** RAW DATA **

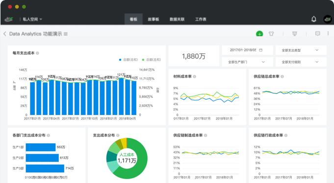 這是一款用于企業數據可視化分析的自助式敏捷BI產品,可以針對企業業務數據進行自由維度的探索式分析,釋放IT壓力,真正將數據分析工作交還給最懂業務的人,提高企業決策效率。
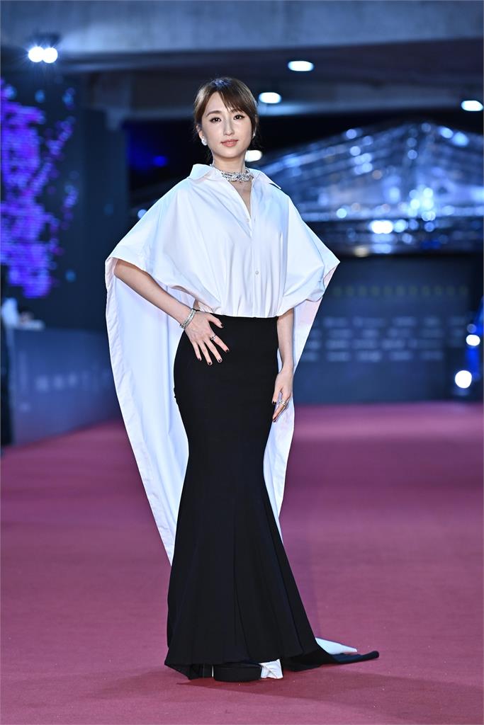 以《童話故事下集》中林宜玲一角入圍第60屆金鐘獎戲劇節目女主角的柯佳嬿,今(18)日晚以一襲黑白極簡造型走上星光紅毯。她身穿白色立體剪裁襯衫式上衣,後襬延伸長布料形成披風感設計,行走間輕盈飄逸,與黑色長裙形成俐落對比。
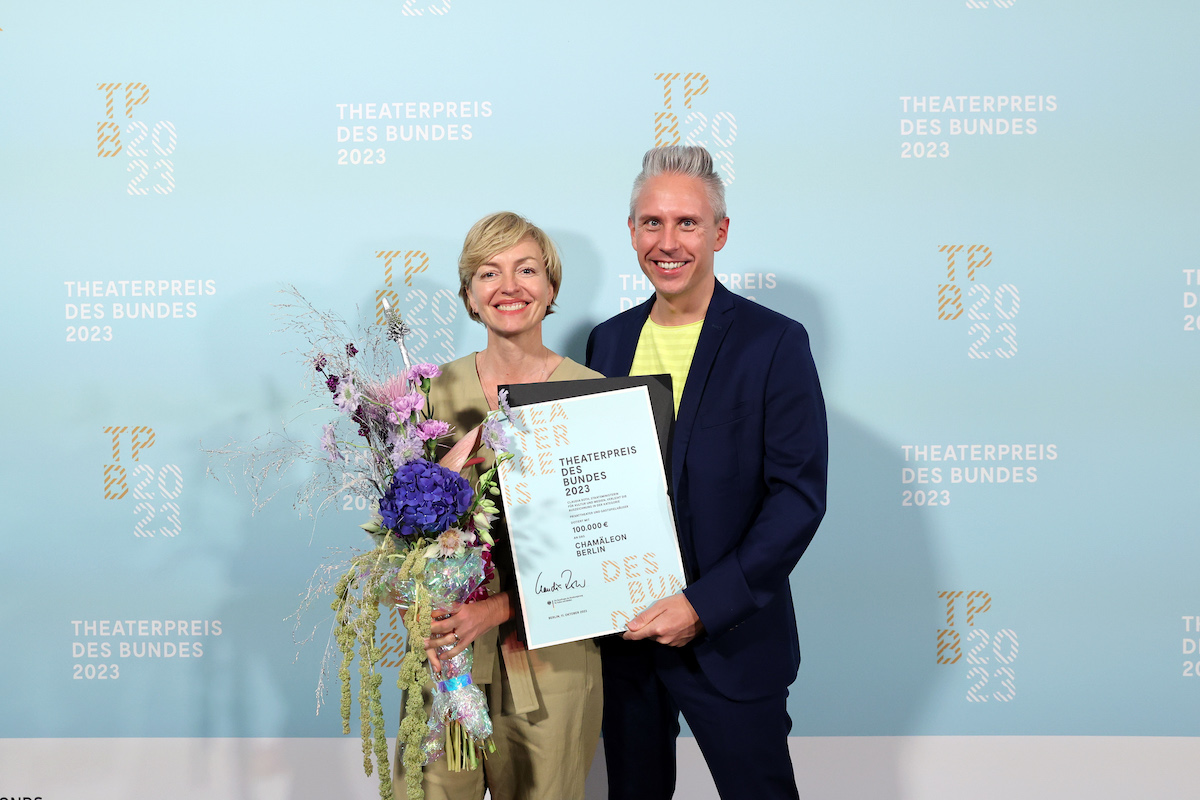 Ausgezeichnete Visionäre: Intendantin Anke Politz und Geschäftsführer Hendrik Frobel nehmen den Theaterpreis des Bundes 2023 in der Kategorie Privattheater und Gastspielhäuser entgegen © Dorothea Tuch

** TASK STATEMENT **
Restate the material above word for word, so that nothing changes except that the pictures are gone.

** SOLUTION TO THE PROBLEM **
 這是一款用于企業數據可視化分析的自助式敏捷BI產品,可以針對企業業務數據進行自由維度的探索式分析,釋放IT壓力,真正將數據分析工作交還給最懂業務的人,提高企業決策效率。
 以《童話故事下集》中林宜玲一角入圍第60屆金鐘獎戲劇節目女主角的柯佳嬿,今(18)日晚以一襲黑白極簡造型走上星光紅毯。她身穿白色立體剪裁襯衫式上衣,後襬延伸長布料形成披風感設計,行走間輕盈飄逸,與黑色長裙形成俐落對比。
 Ausgezeichnete Visionäre: Intendantin Anke Politz und Geschäftsführer Hendrik Frobel nehmen den Theaterpreis des Bundes 2023 in der Kategorie Privattheater und Gastspielhäuser entgegen © Dorothea Tuch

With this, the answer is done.